Picking up on our discussion of this claim:
The best Hitchcock film was directed by someone else. Charade would not be as good as it is if Hitchcock had not developed the genre it epitomises, but Hitchcock could never have created a film so meticulous, plausible, sensitive, light-footed and funny.
Everyone now seems to agree that "the best Hitchcock film" is, at best, quite a stretch, but what about the broader claim that a [blank] film/book/song might be the work of someone other than [blank]?
There are lots of examples where imitations were better than the original and where plagiarists, from Robin Williams to Shakespeare, put out work superior to what they were imitating, but that's not exactly what we're talking about here.
In this context, the term "Hitchcock film" effectively defines a subgenre (think North by Northwest—with the important caveat that not every film Hitchcock made qualifies as a Hitchcock film by that standard.
Saying someone defines a subgenre is a bit of a left-handed compliment. Obviously, you have to be successful and influential to get there, but that success and influence largely almost always exist within a larger genre. It also suggests that someone else could do it. While Charade is a silly example, it’s not that difficult to imagine someone else theoretically making a better Hitchcock film than Hitchcock. I don’t think you could talk about a Kubrick film in the same way. That said, it is worth noting that countless enormously talented filmmakers—in some cases, arguably more talented than Hitchcock himself—have tried their hands at the subgenre and, as far as I can tell, have all fallen short. François Truffaut, Roman Polanski, and Brian De Palma all come to mind.
What about in other media? An Agatha Christie mystery would certainly qualify as one of these personal-brand subgenres, and we could probably find someone to argue that Ngaio Marsh wrote better Christie books than Christie did (I’m not taking a position on this one, I'm just saying someone might) but it's a difficult point to argue. I would be more than willing to make the case that Dorothy L. Sayers wrote better novels, but here we get into one of the big problems with "better [blank] than [blank]" claims: if you improve too much on the original, at some point, it ceases to be a [blank] work. (Tellingly, if probably unintentionally, when Kenneth Branagh wanted to make Hercule Poirot more modern and three-dimensional, he did so by giving him the backstory of Lord Peter Wimsey.) Sleuth also comes to mind. It plays with the conventions of an Agatha Christie story but mainly to subvert them.
If you're good enough to have a subgenre named after you, usually you are good enough to outshine your imitators, but I finally came up with an exception—one so obvious I don't know why it took me so long to think of it. A writer whose very name is a widely used adjective, arguably one of the most influential writers of the 20th century, and yet someone who was routinely outdone at his own game.
H.P. Lovecraft wasn’t a very good writer. There were good, even sometimes great, elements in his stories, but the stories themselves never rose above mildly inept.

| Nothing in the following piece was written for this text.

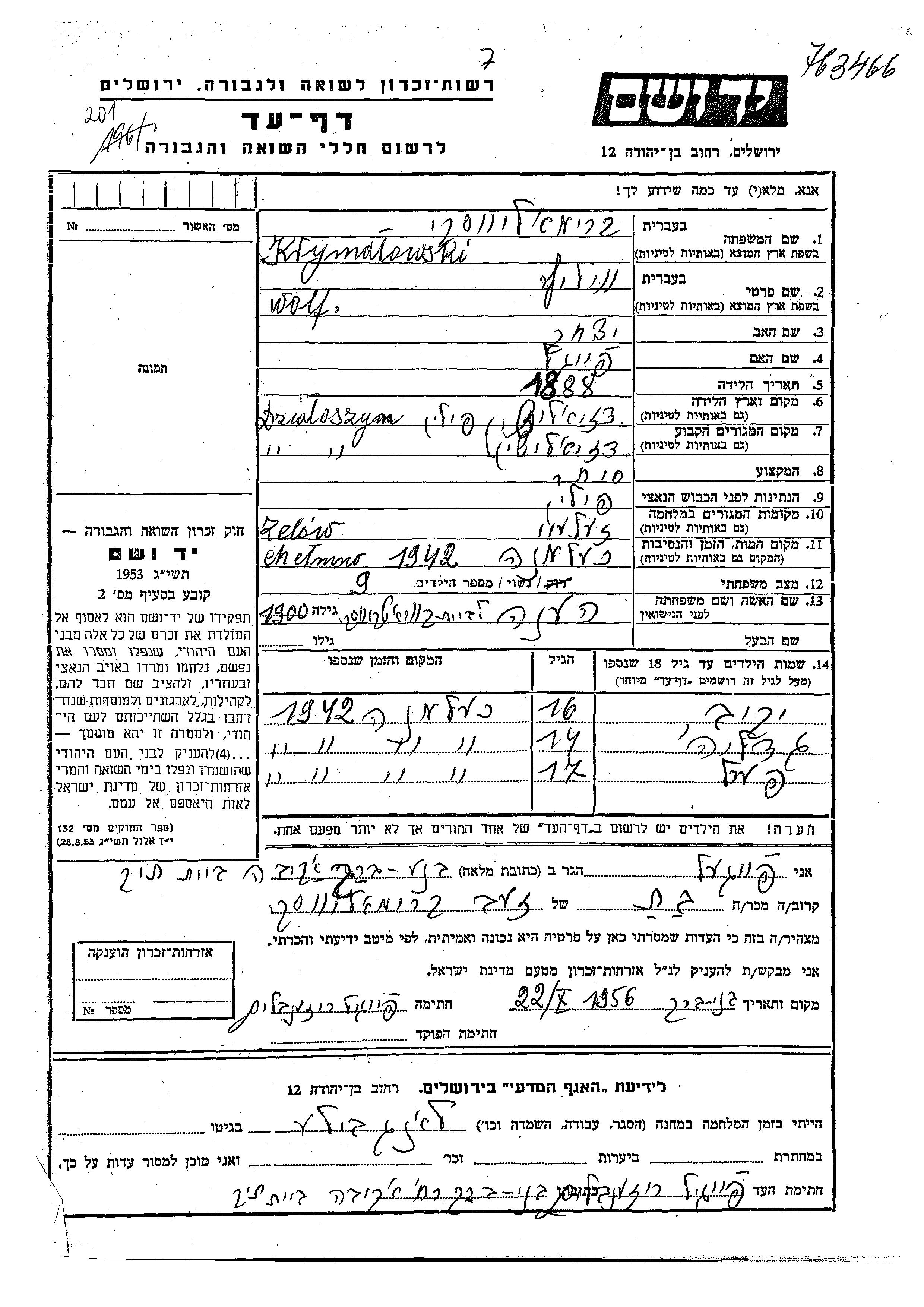 Яд Вашем - Листы свидетельских показаний Мемориального фонда

I went back and reread some Lovecraft, starting with Dagon, and with the exception of a few passages, it took me back to my days teaching junior high English.
We won’t even get into the racism and anti-Semitism.
Lovecraft's writing often comes across as a crude first draft of what could be a very good piece of fiction in the proper hands, which may be why we saw an extraordinary group of talented writers picking up his ideas and running with them—even as he was still writing.
Although the Mythos was not formalized or acknowledged between them, Lovecraft did correspond, meet in person, and share story elements with other contemporary writers including Clark Ashton Smith, Robert E. Howard, Robert Bloch, Frank Belknap Long, Henry Kuttner, Henry S. Whitehead, and Fritz Leiber—a group referred to as the "Lovecraft Circle".[16][17][18]
Everyone named in that paragraph was a much better writer than H.P. Lovecraft, and it is because of them—and the others who followed—that his works are better remembered today than The Great God Pan or the stories of Lord Dunsany.
We recently saw the Stephen Soderbergh movie Unsane, which was a better version of a Hitchcock movie, in the same way that Richard Ford's novel The Sportswriter is a better version of a John Updike novel.
ReplyDeleteBenjamin Stevenson's mystery novel, Everyone in My Family Has Killed Someone, is a better version of an Agatha Christie mystery novel.
I think the point is that it's pretty much standard that one person will create the template, and be deservedly famous for it, and then later artists can improve on it.
Andrew
The key question is: can they improve upon the template without changing it so much that it becomes something new? I can't comment on Unsane, but for me, Soderbergh generally makes Soderbergh movies. I mean that in a good way—he brings something new and distinctive to them. I'd expect Unsane to be a Soderbergh take on Hitchcock territory.
DeleteIf you stay within the confines of the personal-brand subgenre, it is very difficult to rise above skillful and affectionate pastiche—something like what Max Allan Collins might write. (Actually, now that I think about it, Collins might write a better Mickey Spillane book than Mickey Spillane could.)